The hike from Corniglia to Vernazza started with enough stairs to give a serious stair machine addict a high. The stair trend continued for a majority of the hike creating a never-ending endurance test. The views were the most spectacular scenery we have seen in Italy. The entire hike being a photo-opt, giving us many excuses to stop and rest our lungs, I mean stop to take pictures. The hike was bordered with steep hillside flourishing with vegetation on the right and on the left open blue sea. With not even a railing to stop you from leaping into the sea. By the time we started our decent into Vernazzaa we were all sporting bikinis and bare bellies. vernazza greeted us with high colorful houses, bobbing fishing boats, and a small sandy beach. The clear blue water left us antsy in anticipation of umping in and cooling off. Before indulging in the sea we revived our energy with some pizza and gelato. After swimming, and by chance, we ran into my mom, Susie, and Lynnie. Originally we had planned to meet at the final village, Monterrosso. It was impossible not to spot the three sisters, Susie Frank was the only person among the tourist and locals wearing jeans. Regardless of the 85 degree sun, she was fully content in her Calvin Kleins.

And then there were three. Taber and Lauryn joined my mom, Susie, and Lynnie on the water taxi to Monterosso. I tried to sweet talk Taber into accompanying us. Unfortunately, puppy dog eyes on a sweaty, tired hiker was not convincing enough. At that point, the only thing worthy of persuading him to join us would have been the burrito truck waiting for us at the Summit. Jake, Chelsea and I were dedicated to completing all four hikes, so on we proceeded without Taber. As the path began to wind its way uphill, we noticed the number of hikers had dropped, only the diehards remained. The trail from Vernazza to Monterosso is by far the steepest. We had read it was the most difficult hike...what we did not read was that if you are not capable of walking on a path no bigger than 24 inches wide with a 1000 foot drop you should take the water taxi. One slip of the foot and you would fall to your death. The only perk would be as you were falling to your death you would get a fantastic view of the Mediterranean, not a bad last vision. We were surprised at the narrowness of the trail and the lack of guard rails. If the rough economy has left you short on cash, go to Cinque, fall off the cliff, and sue for lack of safety pro cations the trail provides. The view of Vernazza looked similar to a page out of a coloring book colored with a box of crayola pastels. The colors of light pink, blue, green, and yellow against the dark rock cliffs were visually stunning. The path continued up and through olive orchards, vineyards, lemon orchards, and basil gardens. At the beginning of our decent into Monterossa we were surprised by the sound of fiesta music playing from one of the vineyards. As we got closer we saw it was an entrepreneur selling lemoncello, beer, wine, and water from a small hut tucked into the grape vines. Knowing we were minutes away from Monterossa, we bypassed his station. We emerged from the final hike to a paved path leading to the village. Looking down into the teal sea I saw a familiar face treading water. It was Taber. Eager to feel refreshed by the water, I quickly dropped my bag off with my mom and joined him.

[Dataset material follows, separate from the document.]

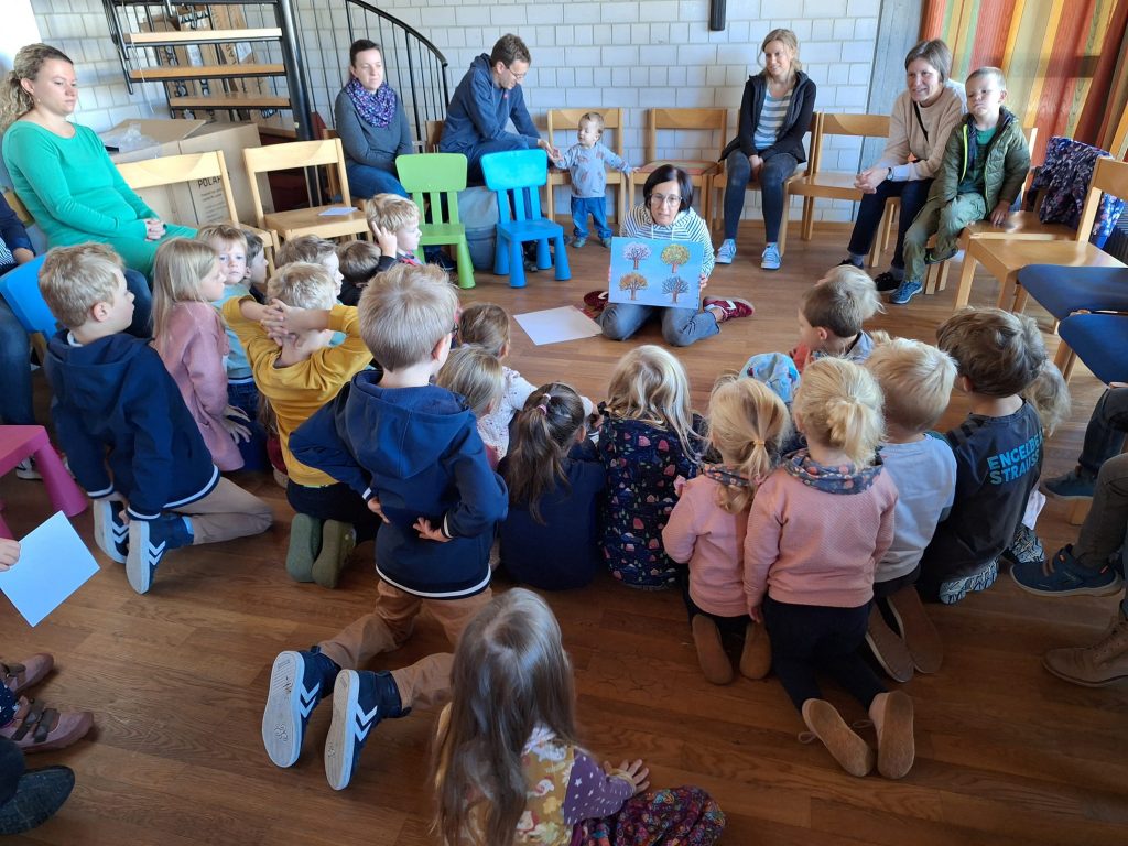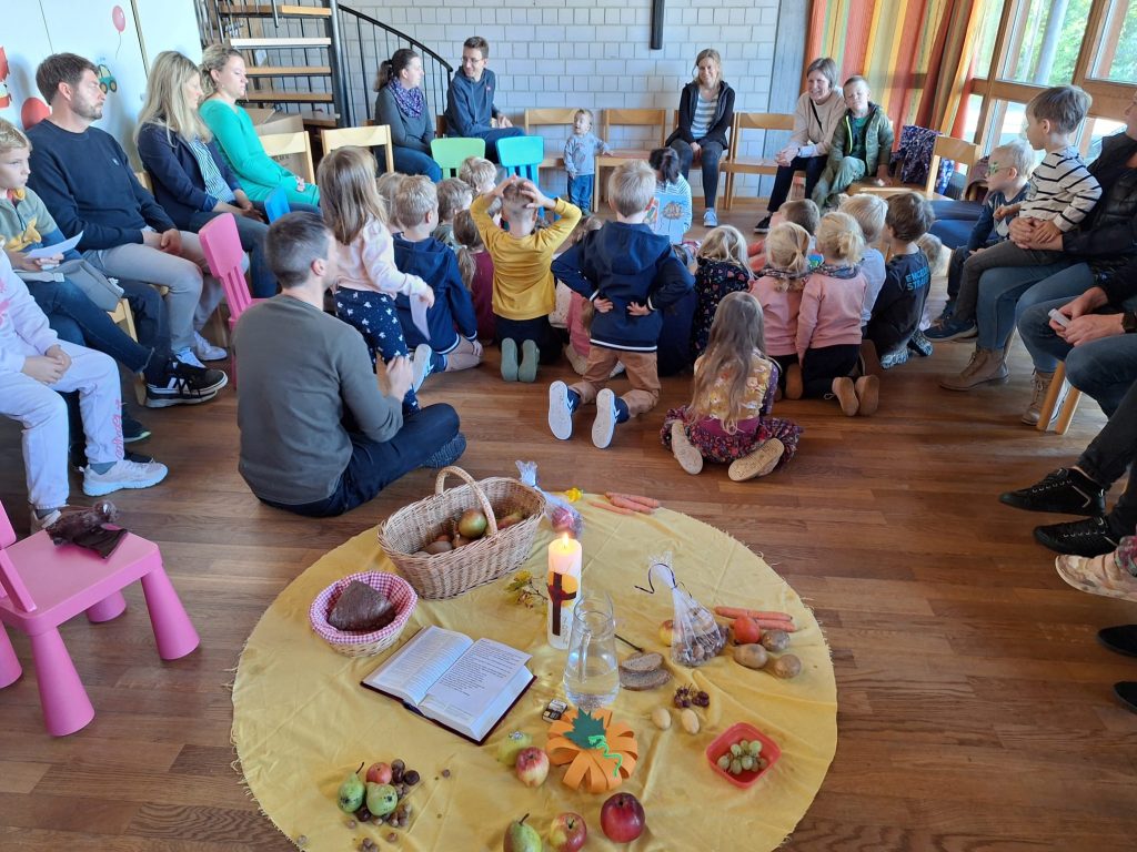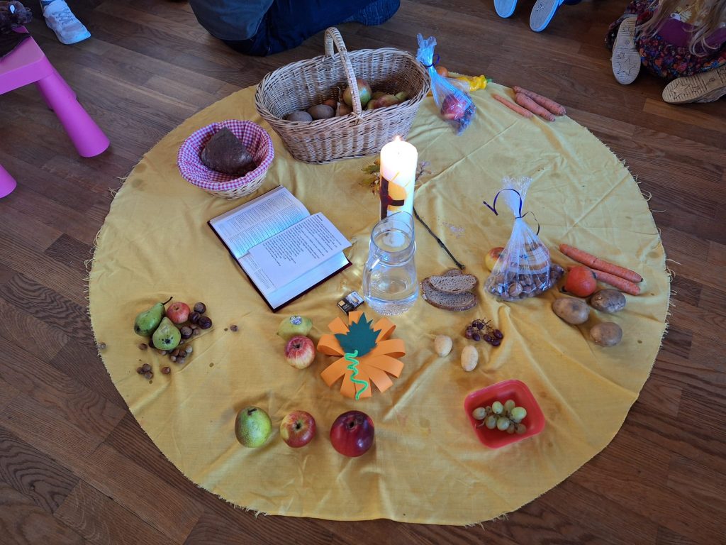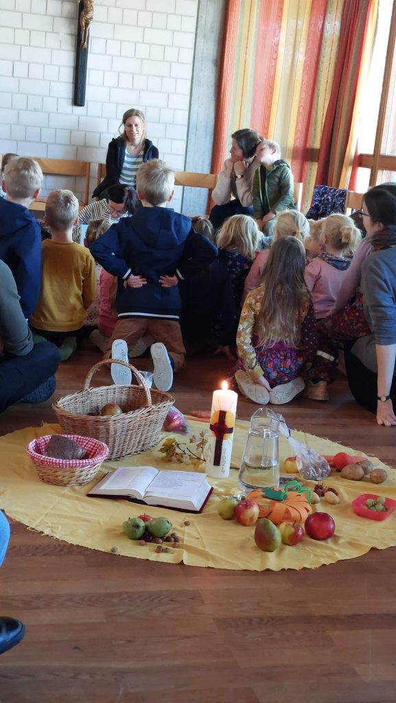 Viele Kinder und Familien versammelten sich wieder im Pastoralzentrum zur Kinderkirche, der vorbereitete Stuhlkreis musst noch erweitert werden, so zahlreich war das Kommen. Das Erntedankfest was diesmal das Thema. So brachten die Kinder ihre Gaben von Obst und Gemüse mit, um die Mitte damit zu schmücken. „Herr, wir danken dir“ schallte es lauthals beim Lied: Du hast uns deine Welt geschenkt. Und auch bei der Erzählung zum Erntedankfest waren alle dabei. Schön war`s!

Before walking back to the train station, we enjoyed fresh fish at a restaurant over looking the water. It was a perfect ending to a day filled with heart-stopping views and tired legs.
While on the train, we read an interview with a local of Cinque Terre. Every day while his wife picks fresh vegtables from the garden he takes his small boat out and catches fresh fish for dinner. When Taber and I retire here I would like to have them as our neighbors.